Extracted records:
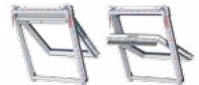
Klapp- Schwingfenster / Fluchtwegfenster
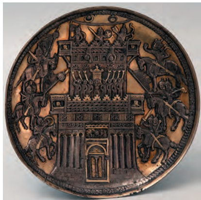
Блюдо со сценой осады замка. Иран. III–VII вв. Серебро, чеканка, позолота. Диаметр 23,3 см. Инв. № S-46
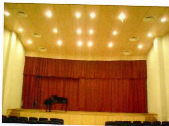
2 pav. Mažoji salė
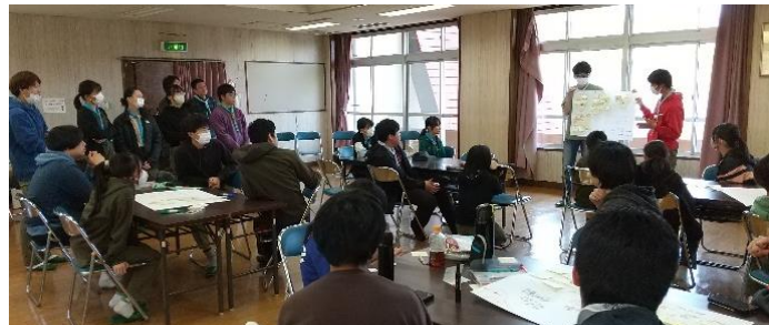
防災をテーマにしたスカウトフォーラム
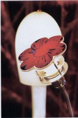
Lámpara de mesa con flor. Línea "Naturalesa". D+U Dosmasuno

continuó los primeros días de noviembre en NorCenter, que inaugurará su nuevo espacio de diseño "Life-style Mall", del que Design Connection by Cienporciento diseño formará parte. Luego, el mundo, pues la muestra se reeditará en 2008 en la Semana del Diseño de Milán y en la Feria Internacional del Mueble de Nueva York. ■
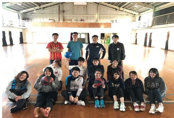
青年奉仕団、その他奉仕団とのスポーツ大会
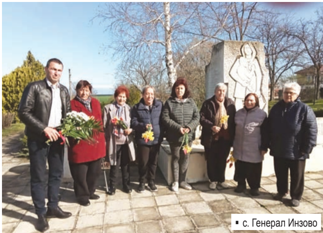
▪ с. Генерал Инзово
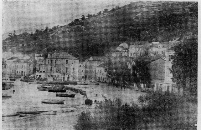
Obalni dio Račišća

Oj Račišće, plemenito selo, Ja odlazim ostaj mi veselo! Valo, valo, nemoj odavati Druga mladost kada bude pivati! Zbogom majko koja si me rodila! I bilim mlikom zadojila! Zbogom moji prijatelji mili, Lipo li smo vrime sprovodili! Zbogom starci i mala dičica I ti moja mila golubica! Zbogom ptice u zelenom gaju, Zbogom, zbogom mali zavičaju! Sve je meni zaboravit lako, Staru majku nemogu nikako. Nećeš više govoriti majko, Kiša pada spavaj sine slatko, Nego ćeš se u suzama obliivat Kad mi budeš postelju načinjat. Zbogom moji od punte skalini, Na kojim smo vrime sprovodili. Zbogom moje sve Račiške divne, Lipo li smo sprovodili vrime. Zbogom ostaj rodbino moja, Ja se dilim od sela ovoga, Od Račišća sela malenoga. Zbogom ostaj rodna kuća moja, Opet ćemo piti oko ovog stola Iz Zelande, kad se vratim doma.
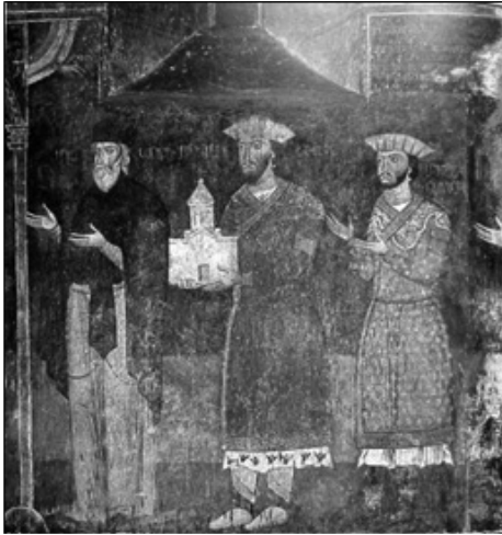
Görsel 1: Soldan sağa; Sargis Cakeli, Beka Cakeli ve II. Sargis Cakeli'yi tasvir eden Sapara Manastırı freski

Kısa zamanda bölgenin kudretli şahsiyetleri arasına giren ve Moğollar tarafından Kral II. Demetre ve Sadun'a verilen yerlerin dışında kalan bölgelerin kendilerine tahsis edildiği Sargis ve oğlu Beka Cakeli, Samtshe'nin yöneticisi idi. Ancak babasından daha çok isminden söz ettirmeye başlayan yetenekli ve cesur Beka; Tasiskari, Karnulaki, Samtshe, Acara, Şavşat, Klarceti, Göle, Karnipor, Valarşavan, iki Artan, Nigal Deresi, Tao'nun büyük bir bölümüne ve Javakheti'nin çok sayıdaki köyüne sahip oldu. Abaka Han'a hizmetleri karşılığında ondan aldıkları yardımlarla ve Kral II. Demetre ile ilişkilerini iyi tuttukları süre boyunca bu baba ve oğlun güçleri gittikçe arttı 15 .
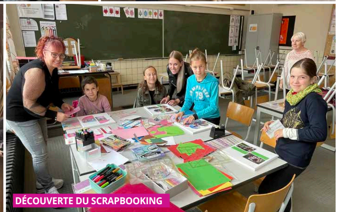
DÉCOUVERTE DU SCRAPBOOKING
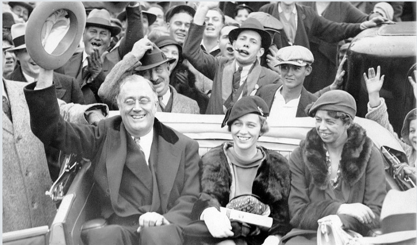
Franklin D Roosevelt kampanjade 1932 under parollen "Happy days are here again".

Vi i styrelsen hoppas att våra Grandiosa medlemmar finner programmet aptitligt och att det kan motverka dystra tankar och
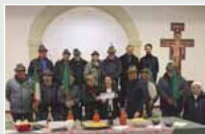
6070287); l'ultimo incontro sarà sabato 9 dicembre alla baia di Santa Maria (prenotazioni entro il 6 dicembre in baia o al numero 348 0484398). Il costo per la cena è di 20 euro e gli utili saranno devoluti alla Caritas per far fronte alle esigenze delle famiglie e dei compaesani che versano in condizioni di difficoltà. L'anno scorso avevano partecipato più di duecento persone e il ricavato donato in beneficenza aveva raggiunto i 2500 euro (nella foto la consegna dell'assegno del ricavato dello scorso anno).
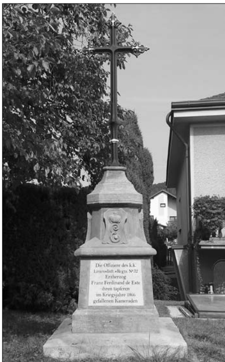
Pomník rakouského pěšího pluku č. 32 (ev. č. 52) v Malé Skalici po opravě

Návratu do původního stavu se dočkal pomník ev. č. 52 v Malé Skalici. Zásadním přínosem bylo obnovení mramorových desek s nápisy v němčině. Ačkoliv deskám není co vytknout, způsob a kvalita opravy samotného pomníku, prováděná P. Tomášem, je sporná.
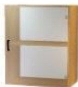
NS 867L jednodveřová sklo levá NS 867P jednodveřová sklo pravá
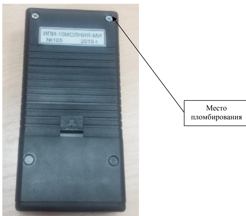
Рисунок 2 – Внешний вид и место пломбирования ИПИ-10-МОЛНИЯ-МИ

» **EXERCISE BRIEF**
Copy the records word for word, leaving no picture in the copy.

» **EXERCISE SOLUTION**
Klapp- Schwingfenster / Fluchtwegfenster
Блюдо со сценой осады замка. Иран. III–VII вв. Серебро, чеканка, позолота. Диаметр 23,3 см. Инв. № S-46
2 pav. Mažoji salė
防災をテーマにしたスカウトフォーラム
Lámpara de mesa con flor. Línea "Naturalesa". D+U Dosmasuno

continuó los primeros días de noviembre en NorCenter, que inaugurará su nuevo espacio de diseño "Life-style Mall", del que Design Connection by Cienporciento diseño formará parte. Luego, el mundo, pues la muestra se reeditará en 2008 en la Semana del Diseño de Milán y en la Feria Internacional del Mueble de Nueva York. ■
青年奉仕団、その他奉仕団とのスポーツ大会
▪ с. Генерал Инзово
Obalni dio Račišća

Oj Račišće, plemenito selo, Ja odlazim ostaj mi veselo! Valo, valo, nemoj odavati Druga mladost kada bude pivati! Zbogom majko koja si me rodila! I bilim mlikom zadojila! Zbogom moji prijatelji mili, Lipo li smo vrime sprovodili! Zbogom starci i mala dičica I ti moja mila golubica! Zbogom ptice u zelenom gaju, Zbogom, zbogom mali zavičaju! Sve je meni zaboravit lako, Staru majku nemogu nikako. Nećeš više govoriti majko, Kiša pada spavaj sine slatko, Nego ćeš se u suzama obliivat Kad mi budeš postelju načinjat. Zbogom moji od punte skalini, Na kojim smo vrime sprovodili. Zbogom moje sve Račiške divne, Lipo li smo sprovodili vrime. Zbogom ostaj rodbino moja, Ja se dilim od sela ovoga, Od Račišća sela malenoga. Zbogom ostaj rodna kuća moja, Opet ćemo piti oko ovog stola Iz Zelande, kad se vratim doma.
Görsel 1: Soldan sağa; Sargis Cakeli, Beka Cakeli ve II. Sargis Cakeli'yi tasvir eden Sapara Manastırı freski

Kısa zamanda bölgenin kudretli şahsiyetleri arasına giren ve Moğollar tarafından Kral II. Demetre ve Sadun'a verilen yerlerin dışında kalan bölgelerin kendilerine tahsis edildiği Sargis ve oğlu Beka Cakeli, Samtshe'nin yöneticisi idi. Ancak babasından daha çok isminden söz ettirmeye başlayan yetenekli ve cesur Beka; Tasiskari, Karnulaki, Samtshe, Acara, Şavşat, Klarceti, Göle, Karnipor, Valarşavan, iki Artan, Nigal Deresi, Tao'nun büyük bir bölümüne ve Javakheti'nin çok sayıdaki köyüne sahip oldu. Abaka Han'a hizmetleri karşılığında ondan aldıkları yardımlarla ve Kral II. Demetre ile ilişkilerini iyi tuttukları süre boyunca bu baba ve oğlun güçleri gittikçe arttı 15 .
DÉCOUVERTE DU SCRAPBOOKING
Franklin D Roosevelt kampanjade 1932 under parollen "Happy days are here again".

Vi i styrelsen hoppas att våra Grandiosa medlemmar finner programmet aptitligt och att det kan motverka dystra tankar och
6070287); l'ultimo incontro sarà sabato 9 dicembre alla baia di Santa Maria (prenotazioni entro il 6 dicembre in baia o al numero 348 0484398). Il costo per la cena è di 20 euro e gli utili saranno devoluti alla Caritas per far fronte alle esigenze delle famiglie e dei compaesani che versano in condizioni di difficoltà. L'anno scorso avevano partecipato più di duecento persone e il ricavato donato in beneficenza aveva raggiunto i 2500 euro (nella foto la consegna dell'assegno del ricavato dello scorso anno).
Pomník rakouského pěšího pluku č. 32 (ev. č. 52) v Malé Skalici po opravě

Návratu do původního stavu se dočkal pomník ev. č. 52 v Malé Skalici. Zásadním přínosem bylo obnovení mramorových desek s nápisy v němčině. Ačkoliv deskám není co vytknout, způsob a kvalita opravy samotného pomníku, prováděná P. Tomášem, je sporná.
NS 867L jednodveřová sklo levá NS 867P jednodveřová sklo pravá
Рисунок 2 – Внешний вид и место пломбирования ИПИ-10-МОЛНИЯ-МИ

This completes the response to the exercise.